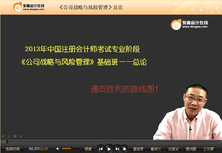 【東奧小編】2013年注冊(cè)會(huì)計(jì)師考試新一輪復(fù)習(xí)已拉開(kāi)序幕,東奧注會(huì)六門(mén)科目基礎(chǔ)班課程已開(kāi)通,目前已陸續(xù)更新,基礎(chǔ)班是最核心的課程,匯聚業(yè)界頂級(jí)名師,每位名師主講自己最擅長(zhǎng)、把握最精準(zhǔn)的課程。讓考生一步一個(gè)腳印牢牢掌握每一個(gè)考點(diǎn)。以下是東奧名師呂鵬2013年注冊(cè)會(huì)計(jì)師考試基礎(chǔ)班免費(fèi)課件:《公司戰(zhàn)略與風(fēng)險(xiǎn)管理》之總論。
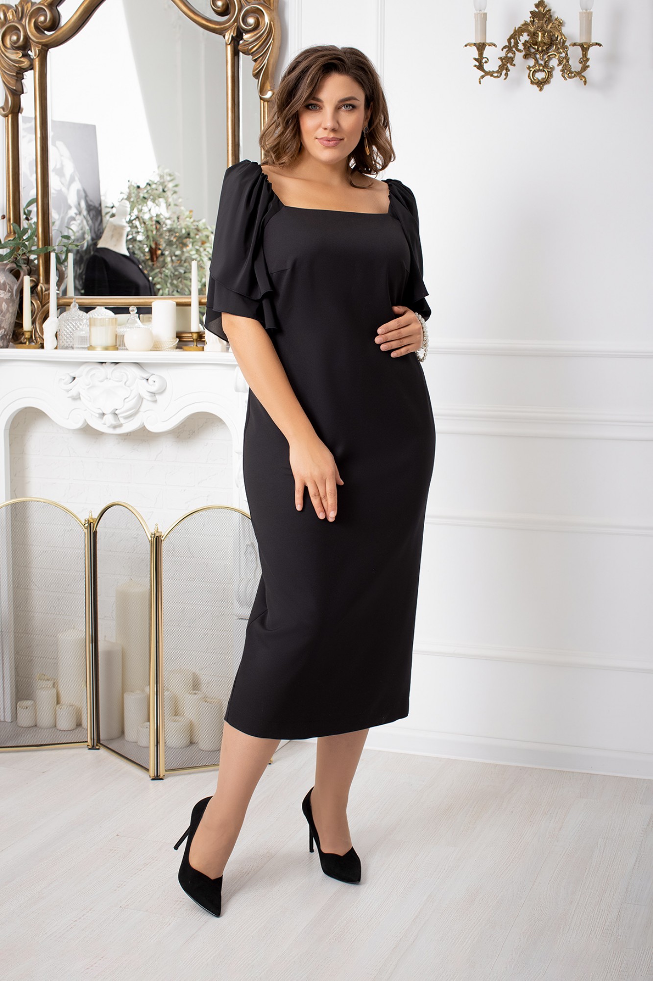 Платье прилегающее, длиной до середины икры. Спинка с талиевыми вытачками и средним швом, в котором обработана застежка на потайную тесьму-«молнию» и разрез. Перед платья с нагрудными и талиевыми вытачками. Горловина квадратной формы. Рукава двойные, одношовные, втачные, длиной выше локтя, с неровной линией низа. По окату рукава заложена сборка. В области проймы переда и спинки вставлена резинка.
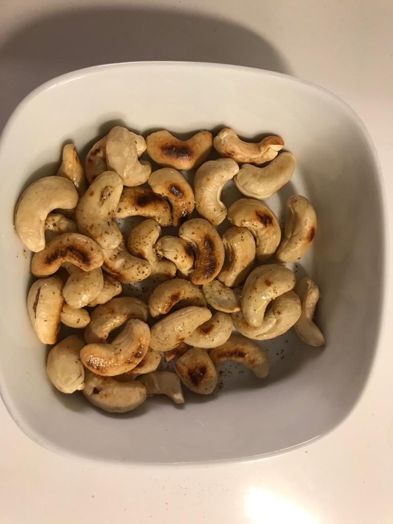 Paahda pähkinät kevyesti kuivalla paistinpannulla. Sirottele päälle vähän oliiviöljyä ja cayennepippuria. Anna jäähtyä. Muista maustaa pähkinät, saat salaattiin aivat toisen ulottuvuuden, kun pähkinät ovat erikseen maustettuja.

■ **WHAT YOU HAVE TO DO**
Drop the pictures, then reproduce exactly the lines from the one with "Платье прилегающее, длиной" through the final line of the listing.

■ **RESPONSE AREA**
 Платье прилегающее, длиной до середины икры. Спинка с талиевыми вытачками и средним швом, в котором обработана застежка на потайную тесьму-«молнию» и разрез. Перед платья с нагрудными и талиевыми вытачками. Горловина квадратной формы. Рукава двойные, одношовные, втачные, длиной выше локтя, с неровной линией низа. По окату рукава заложена сборка. В области проймы переда и спинки вставлена резинка.
 Paahda pähkinät kevyesti kuivalla paistinpannulla. Sirottele päälle vähän oliiviöljyä ja cayennepippuria. Anna jäähtyä. Muista maustaa pähkinät, saat salaattiin aivat toisen ulottuvuuden, kun pähkinät ovat erikseen maustettuja.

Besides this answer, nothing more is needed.